Telemedicine for wound management
Telemedicine is the use of information technology and electronic communication to allow healthcare professionals to evaluate, diagnose and treat patients at a distance. It typically includes various forms of video consultation or digital transmission of medical imaging and other clinical data.
Transmission of digital photographs has been used within ulcer care in Denmark since 2005, resulting in the reduction of waiting time, ulcer healing time and transportation, the latter of which can often be uncomfortable or painful for the patient.15 Another example is a telemedicine wound care model, which has produced reductions in both hospital admissions and patient transportations.16 The use of three-dimensional images has shown high concordance with inperson consultation for assessment and measurement of wounds.17
Video communication is widely used within different medical specialties today, though thorough documentation and evaluation is insufficient.18 However, there is a lack of use of this technology for ulcer care, even though its focus on the visual is considered ideal for wound management.19 Video communication could be a useful tool, especially in primary care, where there is a need for national guidelines8 as well as dedicated doctors and nurses for wound management.

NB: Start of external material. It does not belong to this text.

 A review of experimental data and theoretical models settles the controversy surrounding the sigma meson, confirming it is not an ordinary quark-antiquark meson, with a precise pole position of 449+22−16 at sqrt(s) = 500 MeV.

The aim of this study was to compare video consultation with inperson assessment for patients with hard-to-heal ulcers, in terms of healing time and waiting time.
Methods
Study population and variables
The first study was an analysis of healing time for patients diagnosed through video consultation at BWHC West (study group) compared with patients diagnosed through inperson assessment based on data from RUT (control group) (table 1).
Table 1.
Healing time study | Waiting time study | |||
Participants | Study group (n=100) | Control group (n=1888) | Study group (n=100) | Patients at BWHC East (n=100) |
Assessment | Video consultation | Inperson assessment | Video consultation | Inperson assessment |
Setting | Patients at BWHC West | Patients from RUT | Patients at BWHC West | Patients at BWHC East |
Inclusion | Consecutively included | All patients registered in RUT during the study period | Consecutively included | Consecutively included |
Inclusion criteria | Age >18; women and men; ulcers of any aetiology, severity, size and duration | |||
Exclusion criteria | Age <18 Patients with dementia |
Age <18* | Age <18 Patients with dementia |
Age <18* |
Study period | 1 October 2014 to 30 September 2016 | |||
Consent | Written consent mandatory | Oral consent according to Swedish registries | Written consent mandatory | Oral consent according to Swedish registries |
*Patients in the control group (the registry) were included regardless of dementia status, since dementia is not recorded in the registry.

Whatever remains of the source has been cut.